Die Entwicklung von Plattformen zur Identifizierung von Methylierungslandschafts-Biomarkern (Methylscape) birgt das Potenzial, die bestehenden Früherkennungsmethoden für Krebs deutlich zu verbessern und Patienten in das frühestmögliche behandelbare Stadium zu bringen.
Forscher haben kürzlich eine einfache und direkte Sensorplattform zur Detektion des Methylierungsmusters entwickelt. Diese basiert auf mit Cysteamin dekorierten Goldnanopartikeln (Cyst/AuNPs) und einem Smartphone-basierten Biosensor, der ein schnelles Früherkennungsscreening verschiedenster Tumore ermöglicht. So kann beispielsweise innerhalb von 15 Minuten nach DNA-Extraktion aus einer Blutprobe ein Früherkennungsscreening von Leukämie mit einer Genauigkeit von 90 % durchgeführt werden. Der Titel des Artikels lautet: „Schneller Nachweis von Krebs-DNA im menschlichen Blut mithilfe von mit Cysteamin beschichteten AuNPs und einem Smartphone mit maschinellem Lernen“.
Abbildung 1. Eine einfache und schnelle Sensorplattform für das Krebs-Screening mittels Cyst/AuNPs-Komponenten kann in zwei einfachen Schritten realisiert werden.
Dies ist in Abbildung 1 dargestellt. Zunächst wurden die DNA-Fragmente in einer wässrigen Lösung gelöst. Anschließend wurden Cyst/AuNPs zu der Lösung hinzugefügt. Normale und maligne DNA weisen unterschiedliche Methylierungseigenschaften auf, was zu DNA-Fragmenten mit unterschiedlichen Selbstassemblierungsmustern führt. Normale DNA aggregiert locker und aggregiert schließlich auch Cyst/AuNPs, was zu einer Rotverschiebung der Cyst/AuNPs führt. Der Farbumschlag von Rot nach Violett ist mit bloßem Auge sichtbar. Im Gegensatz dazu führt das spezifische Methylierungsprofil von Krebs-DNA zur Bildung größerer Cluster von DNA-Fragmenten.
Die Bilder der 96-Well-Platten wurden mit einer Smartphone-Kamera aufgenommen. Die Krebs-DNA wurde mittels eines mit maschinellem Lernen ausgestatteten Smartphones im Vergleich zu spektroskopischen Methoden gemessen.
Krebsvorsorge anhand realer Blutproben
Um die Anwendbarkeit der Sensorplattform zu erweitern, setzten die Forscher einen Sensor ein, der erfolgreich zwischen normaler und krebsartiger DNA in realen Blutproben unterscheiden konnte. Methylierungsmuster an CpG-Stellen regulieren die Genexpression epigenetisch. Bei nahezu allen Krebsarten wurden alternierende Veränderungen der DNA-Methylierung und damit der Expression von Genen beobachtet, die die Tumorentstehung fördern.
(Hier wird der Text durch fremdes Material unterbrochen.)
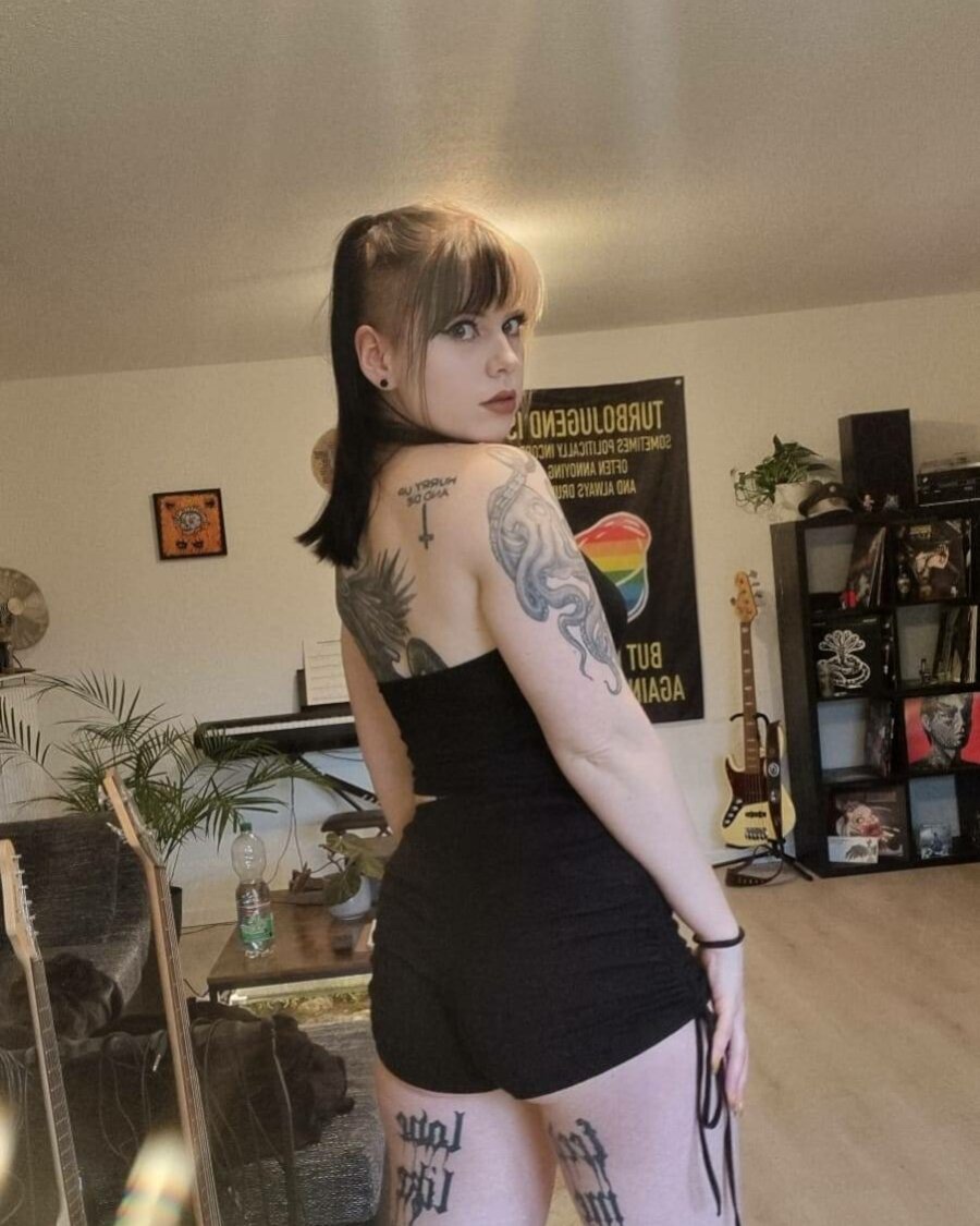 Kirajameson, Horny Inked Amateur Babe, Flaunts Curves In Black Lingerie - Gallery Information
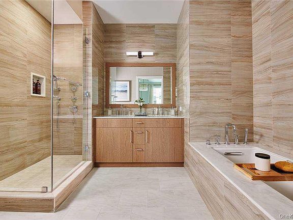 This bright two-bedroom, two-bathroom home features 10' ceilings, and floor to ceiling windows. This layout features an open kitchen with views of the pool and marina. The gourmet kitchen complete with custom paneled GE appliances has white Brazilian quartzite countertops and a kitchen island with a Kohler undermount sink, Insinkerator garbage disposal and instant filtered hot and cold-water faucet. A GE Monogram 6 burner gas range is equipped with dual infrared cooking and is fully vented. The white Siena flat paneled cabinets and a Sharp easy touch drawer style microwave complete the space. The spacious primary bedroom features a large closet and an en-suite 4-fixture primary bathroom with white marble floors, countertops and full height porcelain tiled walls, a glass enclosed shower and a double vanity with all Kohler fixtures. The home includes a front loading washer and dryer. The Beacon at Garvies Point is perfectly situated in North Shore's most dynamic new community, set in a 56-acre picturesque waterfront and adjacent to a 62-acre serene nature preserve, within 1 hour of Manhattan. Exclusive residential services & amenities feature a 24-hour concierge, outdoor kitchens, outdoor pool, state-of-the-art fitness center, yoga studio, library, lounge, card room, game room, dining/party room with prep kitchen and a 32 person screening room

Als Modell für andere Krebsarten, die mit DNA-Methylierung in Zusammenhang stehen, nutzten die Forscher Blutproben von Leukämiepatienten und gesunden Kontrollpersonen, um die Aussagekraft des Methylierungsprofils bei der Differenzierung von Leukämie-Tumoren zu untersuchen. Dieser Biomarker des Methylierungsprofils übertrifft nicht nur bestehende Schnelltests zur Leukämie-Diagnostik, sondern zeigt auch, dass er sich mit diesem einfachen und unkomplizierten Testverfahren auf die Früherkennung einer Vielzahl von Krebsarten ausweiten lässt.
DNA aus Blutproben von 31 Leukämiepatienten und 12 gesunden Probanden wurde analysiert. Wie im Boxplot in Abbildung 2a dargestellt, war die relative Absorption der Krebsgewebeproben (ΔA650/525) geringer als die der DNA aus den Kontrollproben. Dies war hauptsächlich auf die erhöhte Hydrophobizität zurückzuführen, die zu einer dichten Aggregation der Krebs-DNA führte und die Aggregation der Cyst/AuNPs verhinderte. Dadurch waren diese Nanopartikel vollständig in den äußeren Schichten der Krebsaggregate dispergiert, was zu einer unterschiedlichen Dispersion der an normale und Krebs-DNA-Aggregate adsorbierten Cyst/AuNPs führte. Anschließend wurden ROC-Kurven erstellt, indem der Schwellenwert von einem Minimalwert von ΔA650/525 bis zu einem Maximalwert variiert wurde.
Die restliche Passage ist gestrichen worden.